А  Б  В  Г  Д  Е  Ж  З  И  Й  К  Л  М  Н  О  П  Р  С  Т  У  Ф  Х  Ц  Ч  Ш  Щ  Э  Ю  Я  A-Z

 

И если он и не разделял наших эстетических интересов, смеялся над ними и ничего не имел в мыслях, кроме своей юриспруденции, отечества и скорейшего выздоровления, то мы тем охотнее признавали, что можно осмеивать поэзию и не обязательно в ней разбираться, коль скоро она воплощена в тебе самом, – а для нас этот прекрасный, добрый, благородный человек и вправду был воплощенной поэзией, осуществлением наших грез. И вот однажды, после одного из этих посещений, Оттилия, спускаясь вниз, заключила меня в свои объятия, а я, в ответ на это признание, горячо ее поцеловала – объяснение, при средневековом устройстве лестницы, едва не стоившее нам жизни.
То были дни, полные растроганности и высоких порывов. Они насыщали прекрасным содержанием нашу девичью жизнь, – ибо радостно было видеть, как молодой герой, сохранение которого для родины стало нашей заслугой, после нескольких дней тревоги, от раза к разу быстрее продвигался навстречу выздоровлению. И мы, точно сестры, поверяли друг другу эту радость, как, впрочем, и другие чувства, посвященные нашему прекрасному питомцу. Ваша чуткость подскажет вам, что к милосердию и патриотизму в сердцах обеих девушек примешивалось нечто более нежное, невыговариваемое. Но мои чувства и здесь только сопровождали чувства обольстительной Оттилии, так сказать, уступая им дорогу.

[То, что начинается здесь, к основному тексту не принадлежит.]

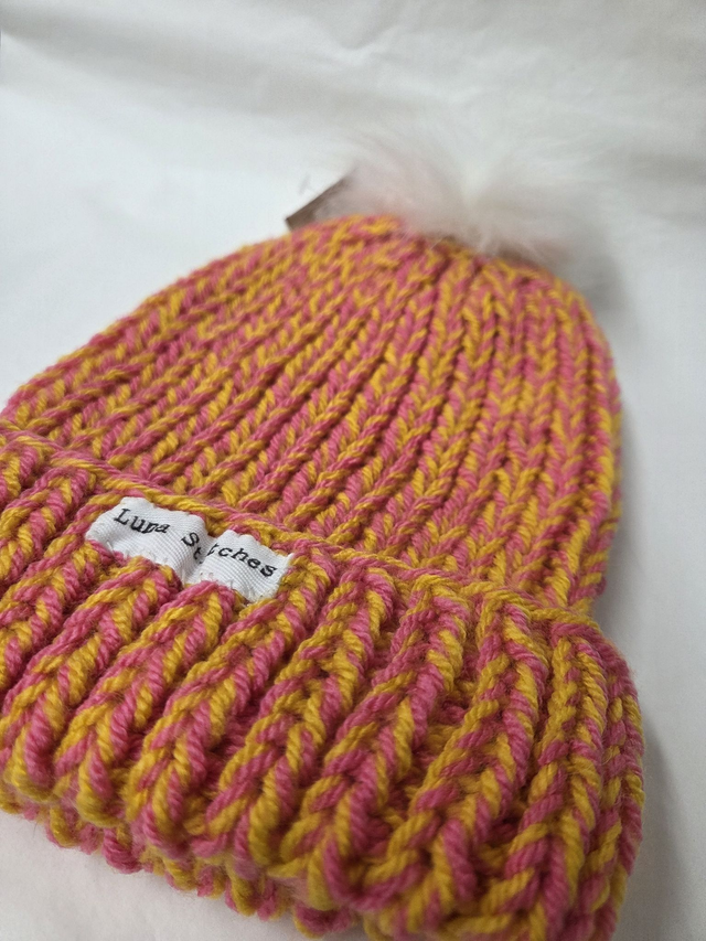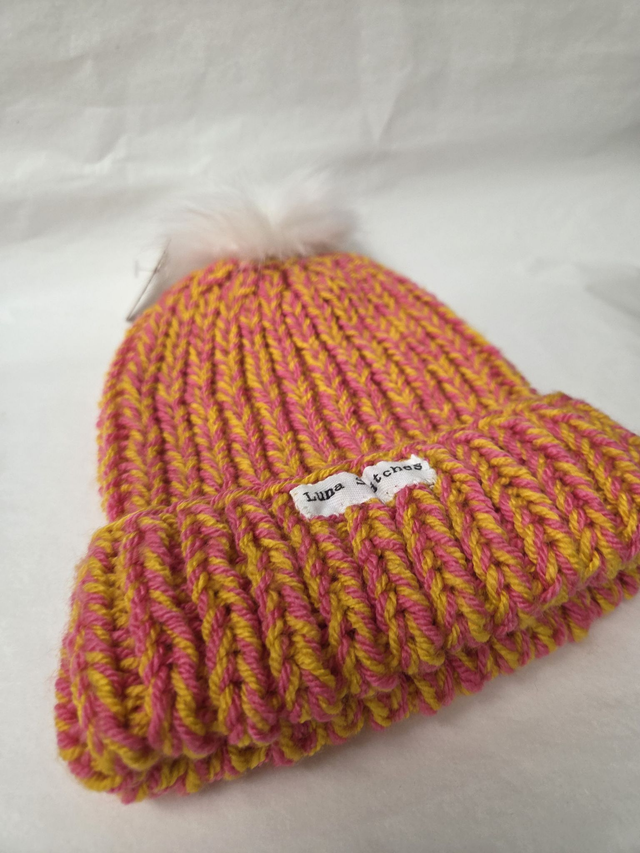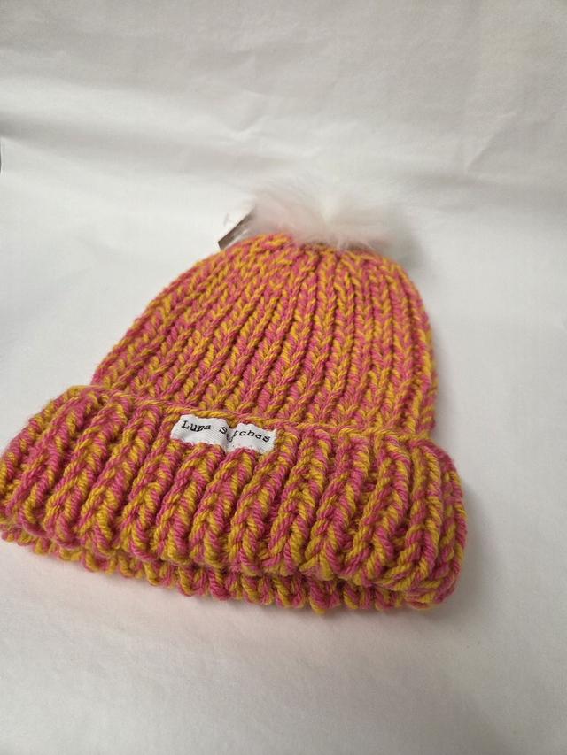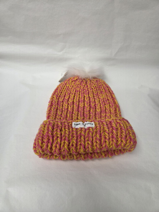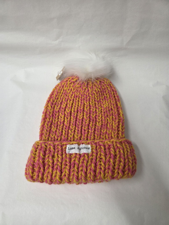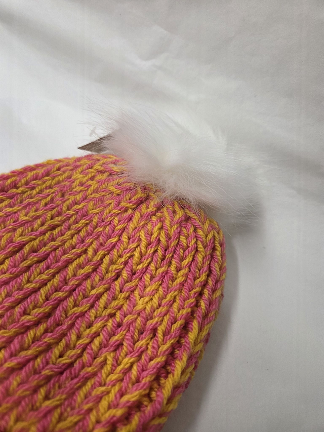 Yellow and Pink knitted hat with fluffy bobble hat.

Иначе и быть не могло. Мне, дурнушке, доставалась лишь скромная доля Фердинандовой благодарности. При его духовной обделенности, впрочем, только красившей его, и вытекающем отсюда полном безразличии к качествам, которые я могла бы выставить взамен внешнего блеска, я мудро поступила, с самого начала распростившись с надеждами и благоразумно избрав в этом романе роль поверенной. Моя природа тому не противилась, а от ревности меня спасала не только любовь к подруге и нежная гордость ее прелестями, не только то, что Фердинанд всегда ровно обходился с нами, и я с простительным человеческому сердцу удовлетворением видела, что он никогда не изменял дружелюбно-вольному тону и в отношении моей любимицы, – нет, меня ободряло и нечто третье, а именно надежда, что это новое, нечаянное приключение отвлечет Оттилию от близости с Августом фон Гете, от этого мрачного, чреватого несчастьями союза. Поэтому я не скрыла своей радости, когда она призналась у меня на груди, что в ее чувствах к Фердинанду есть нечто совершенно иное, дотоле неведомое ее сердцу, и что жизнь научила ее различать между участливой дружбой и истинной любовью. Моя радость умерялась лишь тем, что Гейнке был не дворянином, а всего-навсего сыном силезского меховщика, а следовательно, малоподходящей партией для Оттилии фон Погвиш. Впрочем, только ли это сознание вынуждало его не изменять своему дружелюбному тону в общении с ней, это уже другой вопрос…
Ко времени выздоровления Фердинанда светский сезон пришел к концу, и хотя Комедия еще не закрыла своих дверей, но приемы во дворце кончились, рауты и балы, героями которых в последнее время были французские офицеры, стали устраиваться лишь от случая к случаю. Встречи с Августом, прогулки и свидания в парке, правда, не вовсе прекратились, но стали редки, так как с отъездом отца круг его обязанностей значительно расширился. Тайна Фердинанда заботливо охранялась, и никто, кроме нескольких посвященных, не подозревал о существовании нашего найденыша в его голубятне. Однако Оттилия все же ощутила потребность рассказать об этом камер-асессору – прежде всего по долгу дружбы и взаимного доверия, но отчасти из любопытства – так мне по крайней мере казалось, – из желания посмотреть, как он воспримет весть о нашем приключении и что отразится на его лице. Он отнесся к ее сообщению равнодушно, даже насмешливо, особенно после того, как, стороной заведя разговор о семействе Гейнке, узнал о его мещанском происхождении. Это доказывало его весьма малую любознательность, вернее, желание остаться в стороне от всей истории, а потому речь о ней заходила лишь редко и случайно, и Август пребывал в добровольном неведении или полуосведомленности относительно выздоровления нашего героя и его дальнейшего краткого пребывания в Веймаре и скорого исчезновения.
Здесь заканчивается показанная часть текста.